#### Try it:
Print only the lines running from the line with "Gucci Width 3.8cm" to the final line below, both included, exactly as written and without the pictures.

Supplied data Block Start

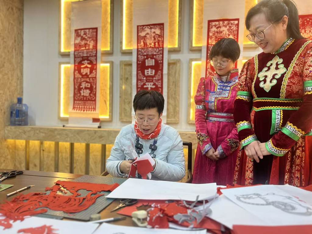 蒙曼体验非遗项目剪纸。
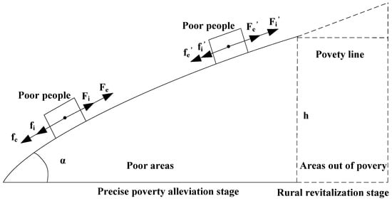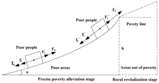 This phenomenon can be explained in Figure 3. As the square moves, the slope becomes less and less steep, and at the same time, the Fi gradually increases (reflected in Figure 3, Fi′ > Fi), fi becomes smaller (reflected in Figure 3, fi′ < fi), fe also gradually becomes smaller (reflected in Figure 3, fe′ < fe), the tension force Fe applied to the square can gradually decrease (reflected in Figure 2, Fe′ < Fe), and the square can keep moving continuously toward the target. Given time, when the endogenous motivation and self-development ability of poor residents are sufficient to ensure their sustainable income, they can still rely on their own ability to move out of poverty and become rich, even if external resources for poverty alleviation are no longer invested. From the strategic planning of China’s precise poverty alleviation, the state’s poverty alleviation resources will be gradually reduced after China achieves full poverty eradication in 2020. Therefore, this model has some realistic significance.
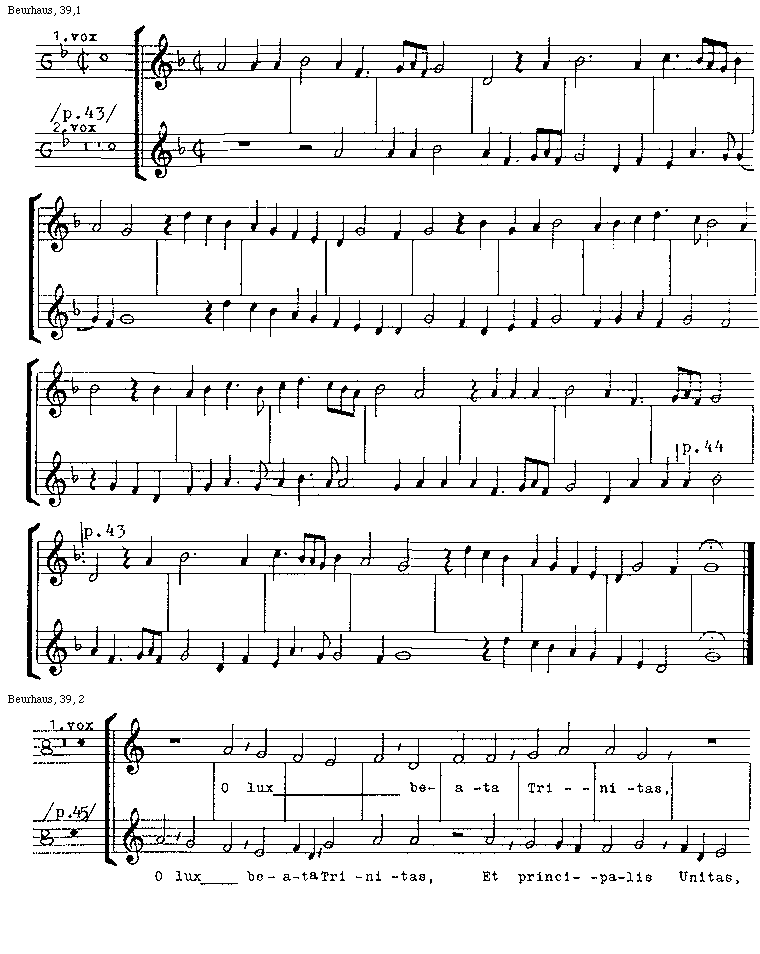 [Beurhaus, 39,2; text: prima, vox, /p.45/, O lux beata Trinitas, Et principalis Unitas]
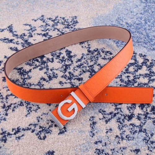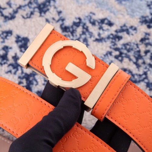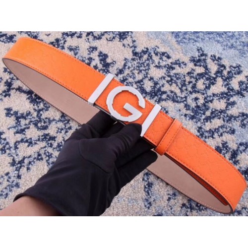 Gucci Width 3.8cm Leather Signature GG Belt with Single G Buckle Orange 2019
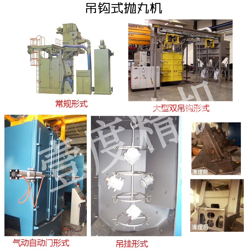 注:本機(jī)適用鋼砂、鋼丸或鋅丸等金屬磨料,拋丸器可變頻調(diào)速,吊具可設(shè)計(jì)成固定在機(jī)艙內(nèi),也可以設(shè)計(jì)成自動進(jìn)出形式,工件自轉(zhuǎn)速度可變頻調(diào)整,門可自動開啟也可以做成手動開啟,裝卸工件處可加裝安全光幕,讓操作更安全可靠,也可根據(jù)需要定制其它輔助使用裝置。以上機(jī)型為我公司標(biāo)準(zhǔn)化設(shè)計(jì),如果客戶需要其他形式,可根據(jù)客戶工件大小及工藝需求規(guī)劃設(shè)計(jì),隨時(shí)歡迎來電咨詢,我們將竭誠為您服務(wù)。

Supplied data Block End

#### Answer for the task:
 Gucci Width 3.8cm Leather Signature GG Belt with Single G Buckle Orange 2019
 注:本機(jī)適用鋼砂、鋼丸或鋅丸等金屬磨料,拋丸器可變頻調(diào)速,吊具可設(shè)計(jì)成固定在機(jī)艙內(nèi),也可以設(shè)計(jì)成自動進(jìn)出形式,工件自轉(zhuǎn)速度可變頻調(diào)整,門可自動開啟也可以做成手動開啟,裝卸工件處可加裝安全光幕,讓操作更安全可靠,也可根據(jù)需要定制其它輔助使用裝置。以上機(jī)型為我公司標(biāo)準(zhǔn)化設(shè)計(jì),如果客戶需要其他形式,可根據(jù)客戶工件大小及工藝需求規(guī)劃設(shè)計(jì),隨時(shí)歡迎來電咨詢,我們將竭誠為您服務(wù)。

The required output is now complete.